Re: iozone write 50% regression in kernel 2.6.24-rc1

2007-11-11 Thread Zhang, Yanmin
On Fri, 2007-11-09 at 04:36 -0800, Martin Knoblauch wrote:
 - Original Message 
  From: Zhang, Yanmin [EMAIL PROTECTED]
  To: [EMAIL PROTECTED]
  Cc: LKML linux-kernel@vger.kernel.org
  Sent: Friday, November 9, 2007 10:47:52 AM
  Subject: iozone write 50% regression in kernel 2.6.24-rc1
  
  Comparing with 2.6.23, iozone sequential write/rewrite (512M) has
  50%
  
  regression
  in kernel 2.6.24-rc1. 2.6.24-rc2 has the same regression.
  
  My machine has 8 processor cores and 8GB memory.
  
  By bisect, I located patch
  http://git.kernel.org/?p=linux/kernel/git/torvalds/linux-2.6.git;a=commitdiff;h=
  04fbfdc14e5f48463820d6b9807daa5e9c92c51f.
  
  
  Another behavior: with kernel 2.6.23, if I run iozone for many
  times
  
  after rebooting machine,
  the result looks stable.

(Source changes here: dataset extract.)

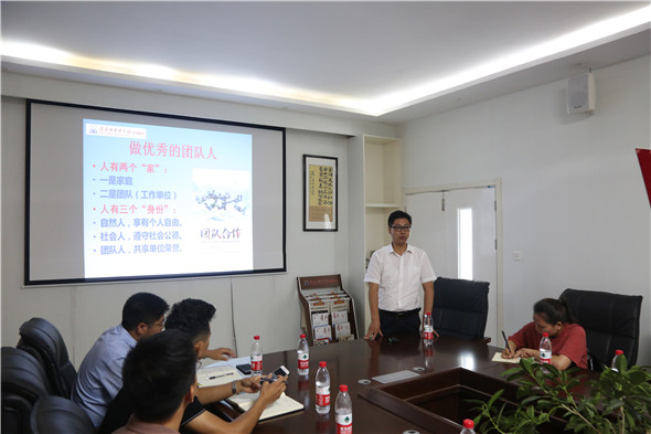 最后,滨河淮外常务校长赵树青以“团队精神”为主题与后勤新成员们共同交流学习。赵校长在讲话中指出,一朵美丽的鲜花,打扮不出美丽的春天,个人只有融入团结的集体才能实现宏伟目标。后勤工作是学校整体工作中重要的组成部分,没有后勤工作人员的辛勤付出和努力工作,学校就不会有良好的办学条件和育人环境。对于新入职的成员们而言,应当具备较强的团队意识,共为团队协作、共维团队荣誉、共创团队文化,不断地强化团队意识才能共攀高峰,打造出和谐而又有战斗力的后勤团队,以新的姿态踏上新征程。新学期,新目标,新航向,我们将以新的力量携手共进!希望新入职的成员们在今后的后勤工作中坚持“学校放心,家长满意”的工作目标,化作春天地泥土更好的呵护学生。

But with 2.6.24-rc1, the first run of
  iozone
  
  got a very small result and
  following run has 4Xorig_result.
  
  What I reported is the regression of 2nd/3rd run, because first run
  has
  
  bigger regression.
  
  I also tried to change
  /proc/sys/vm/dirty_ratio,dirty_backgroud_ratio
  
  and didn't get improvement.
  could you tell us the exact iozone command you are using?
iozone -i 0 -r 4k -s 512m


  I would like to repeat it on my setup, because I definitely see the opposite 
 behaviour in 2.6.24-rc1/rc2. The speed there is much better than in 2.6.22 
 and before (I skipped 2.6.23, because I was waiting for the per-bdi changes). 
 I definitely do not see the difference between 1st and subsequent runs. But 
 then, I do my tests with 5GB file sizes like:
 
 iozone3_283/src/current/iozone -t 5 -F /scratch/X1 /scratch/X2 /scratch/X3 
 /scratch/X4 /scratch/X5 -s 5000M -r 1024 -c -e -i 0 -i 1
My machine uses SATA (AHCI) disk.

-yanmin
-
To unsubscribe from this list: send the line unsubscribe linux-kernel in
the body of a message to [EMAIL PROTECTED]
More majordomo info at  http://vger.kernel.org/majordomo-info.html
Please read the FAQ at  http://www.tux.org/lkml/


Re: iozone write 50% regression in kernel 2.6.24-rc1

2007-11-11 Thread Zhang, Yanmin
On Fri, 2007-11-09 at 10:54 +0100, Peter Zijlstra wrote:
 On Fri, 2007-11-09 at 17:47 +0800, Zhang, Yanmin wrote:
  Comparing with 2.6.23, iozone sequential write/rewrite (512M) has 50% 
  regression
  in kernel 2.6.24-rc1. 2.6.24-rc2 has the same regression.
  
  My machine has 8 processor cores and 8GB memory.
  
  By bisect, I located patch
  http://git.kernel.org/?p=linux/kernel/git/torvalds/linux-2.6.git;a=commitdiff;h=04fbfdc14e5f48463820d6b9807daa5e9c92c51f.
  
  
  Another behavior: with kernel 2.6.23, if I run iozone for many times after 
  rebooting machine,
  the result looks stable. But with 2.6.24-rc1, the first run of iozone got a 
  very small result and
  following run has 4Xorig_result.
 
 So the second run is 4x as fast as the first run?
Pls. see below comments.

 
  What I reported is the regression of 2nd/3rd run, because first run has 
  bigger regression.
 
 So the 2nd and 3rd run are stable at 50% slower than .23?
Almostly. I did more testing today. Pls. see below result list.

 
  I also tried to change /proc/sys/vm/dirty_ratio,dirty_backgroud_ratio and 
  didn't get improvement.
 
 Could you try:
 
 ---
 Subject: mm: speed up writeback ramp-up on clean systems
I tested kernel 2.6.23, 2,6,24-rc2, 2.6.24-rc2_peter(2.6.24-rc2+this patch).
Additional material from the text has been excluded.